(What you are asked to do):
Nothing but the lines below from the one that contains "Ein kompaktes Design" through the one that contains "Bicicleta de paseo" should be retyped, exactly and including both ends. Do not include pictures.
====== Extracted information
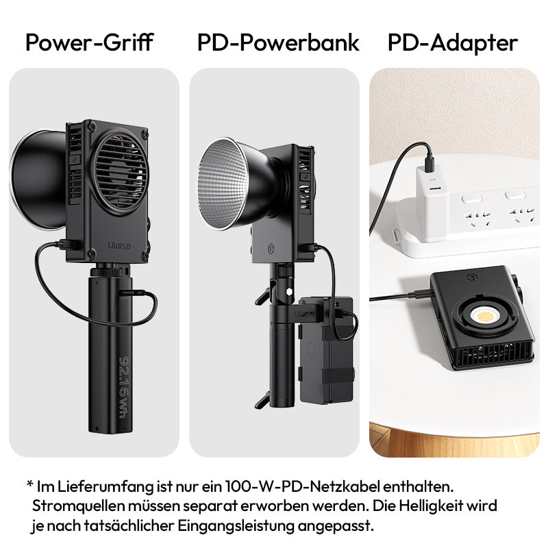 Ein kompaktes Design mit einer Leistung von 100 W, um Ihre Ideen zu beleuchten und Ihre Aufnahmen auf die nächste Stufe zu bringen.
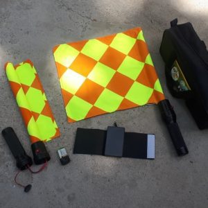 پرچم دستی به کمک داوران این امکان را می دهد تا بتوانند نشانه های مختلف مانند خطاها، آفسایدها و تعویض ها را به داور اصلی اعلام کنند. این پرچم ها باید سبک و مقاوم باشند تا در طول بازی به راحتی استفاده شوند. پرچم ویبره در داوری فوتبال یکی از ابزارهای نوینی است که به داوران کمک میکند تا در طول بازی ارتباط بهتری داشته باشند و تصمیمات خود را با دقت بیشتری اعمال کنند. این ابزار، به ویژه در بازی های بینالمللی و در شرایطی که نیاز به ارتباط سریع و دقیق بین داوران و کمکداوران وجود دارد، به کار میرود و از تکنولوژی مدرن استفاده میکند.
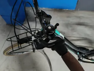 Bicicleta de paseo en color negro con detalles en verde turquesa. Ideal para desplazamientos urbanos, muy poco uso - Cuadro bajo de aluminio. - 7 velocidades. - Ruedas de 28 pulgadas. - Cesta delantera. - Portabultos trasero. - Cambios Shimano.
============
====== Extracted information
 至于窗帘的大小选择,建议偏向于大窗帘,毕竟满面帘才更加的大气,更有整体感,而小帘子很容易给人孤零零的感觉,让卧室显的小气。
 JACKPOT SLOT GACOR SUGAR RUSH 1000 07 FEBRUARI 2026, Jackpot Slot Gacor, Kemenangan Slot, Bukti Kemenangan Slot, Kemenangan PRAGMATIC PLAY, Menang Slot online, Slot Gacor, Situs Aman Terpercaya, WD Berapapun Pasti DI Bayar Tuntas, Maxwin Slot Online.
============
(Solution to this exercise):
 Ein kompaktes Design mit einer Leistung von 100 W, um Ihre Ideen zu beleuchten und Ihre Aufnahmen auf die nächste Stufe zu bringen.
 پرچم دستی به کمک داوران این امکان را می دهد تا بتوانند نشانه های مختلف مانند خطاها، آفسایدها و تعویض ها را به داور اصلی اعلام کنند. این پرچم ها باید سبک و مقاوم باشند تا در طول بازی به راحتی استفاده شوند. پرچم ویبره در داوری فوتبال یکی از ابزارهای نوینی است که به داوران کمک میکند تا در طول بازی ارتباط بهتری داشته باشند و تصمیمات خود را با دقت بیشتری اعمال کنند. این ابزار، به ویژه در بازی های بینالمللی و در شرایطی که نیاز به ارتباط سریع و دقیق بین داوران و کمکداوران وجود دارد، به کار میرود و از تکنولوژی مدرن استفاده میکند.
 Bicicleta de paseo en color negro con detalles en verde turquesa. Ideal para desplazamientos urbanos, muy poco uso - Cuadro bajo de aluminio. - 7 velocidades. - Ruedas de 28 pulgadas. - Cesta delantera. - Portabultos trasero. - Cambios Shimano.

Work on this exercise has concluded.